XNA creators clubOctober 26, 2008
Wow, am I ever impressed by Microsoft's
XNA Creator's Club. What a renaissance for amateur game creators.
"Nearly" passing the Turing Test?October 13, 2008
http://gizmodo.com/5062385/computer-nearly-passes-turing-test-for-artificial-intelligenceToday I realized just how "gray" the Turing Test really is. I've been aware for some time that a man by the name of Hugh Loebner set up an official Turing Test, but I didn't realize it would be
this easy for developers to use smoke-and-mirror techniques to score well on it. It's all a little disappointing, really.
If I were to define a Turing Test, it would involve producing a machine that attained something like a 90% fool rate after sessions with 10 highly trained interrogators which each asked the machine 100 questions. It's the "highly trained interrogators" that is key here.
For example, I can guarantee you that none of the machines tested this weekend would have even a small hope of answering a statement/question such as this:
Question: "I'm thinking of something that is big and round and 6 billion people live on it. What am I thinking of?"
Trained interrogators would ask simple questions such as this, and today, the machines would likely score 0% on a series of 100 questions and attain a 0% fool rate. And that, I think, would demonstrate where we're at!
On the other hand, I think it's good to have a contest that allows the current state of the art to show off and gives researchers something manageable to work towards. But I wish they wouldn't call it the Turing Test, and then start talking about sentient life forms... please...
Technology as artSeptember 26, 2008
When Meredith and I were in Madrid this summer, there was an exhibit that used technology and the Internet to create a dynamic display that linked keywords on Internet websites against one of a number of topics, which were color coded, and then marked on a world map where that website was located. It was more complicated than that, but what I found interesting was that technology was being used to create art, and it was in an art gallery!
Here's my idea:
Create a visually interesting object such as a polished half sphere which would contain invisible cameras, microphones, and speakers. It would use the cameras to visually track people walking around the room, and when someone came close to the object, it would say, "Hi, what's your name?" in a pleasant voice indistinguishable from a person's. The person would then say something like "Daniel", "Daniel Bigham", "My name is Daniel", etc. and using voice recognition the object would be able to parse what was being said. It would then say "Hi Daniel, nice to meet you".

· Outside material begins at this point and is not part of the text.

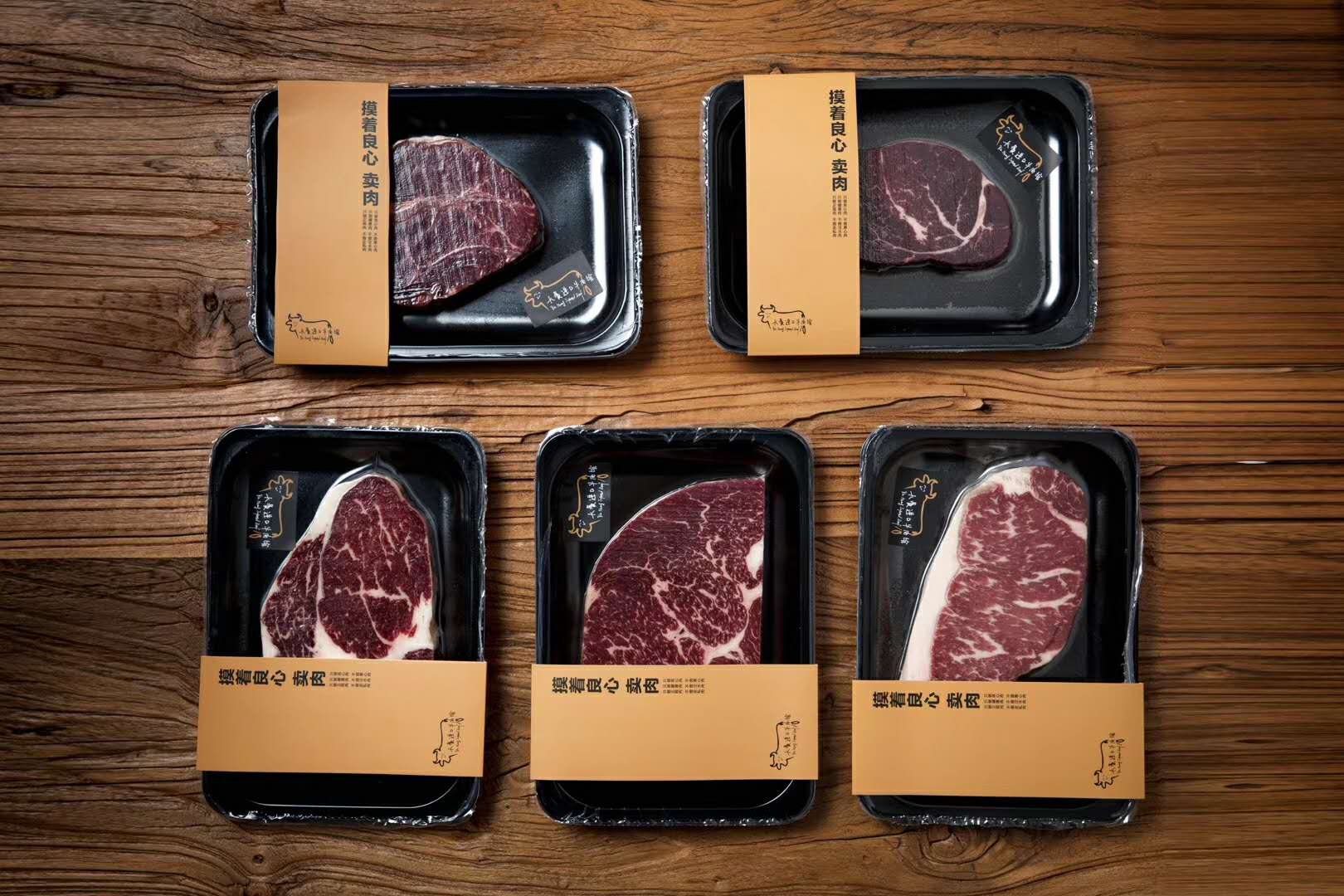 在鄭州一家賣場中,貼體包裝的牛肉產(chǎn)品疊加成扇形、花瓣形或一字排開,紅白花紋的牛肉在金色紙板的映襯下,就像一盤盤展示中的藝術(shù)菜品,陳列出了一道亮麗的風(fēng)景線。此外,金色紙板上印有品牌名稱,展示商品的同時(shí)也宣傳了品牌。

If the person then walked away and came back, the computer, having tracked the person walking away and coming back, would say, "Hi Daniel". If the person left the room and came back, an attempt would be made to recognize the person based on a visual fingerprint.
To be fun and impressive:
1. | The voice synthesis, and specifically, name synthesis, would need to be nearly perfect, and sound very pleasant, with good intonation. |
2. | The system would need to be able to construct names that it hadn't previously heard by analyzing the phonemes spoken, and then to be able to re-speak those phonemes. |
3. | The visual tracking algorithms would have to be really good. |
I think this would be a neat "art" piece, albeit a bit noisy.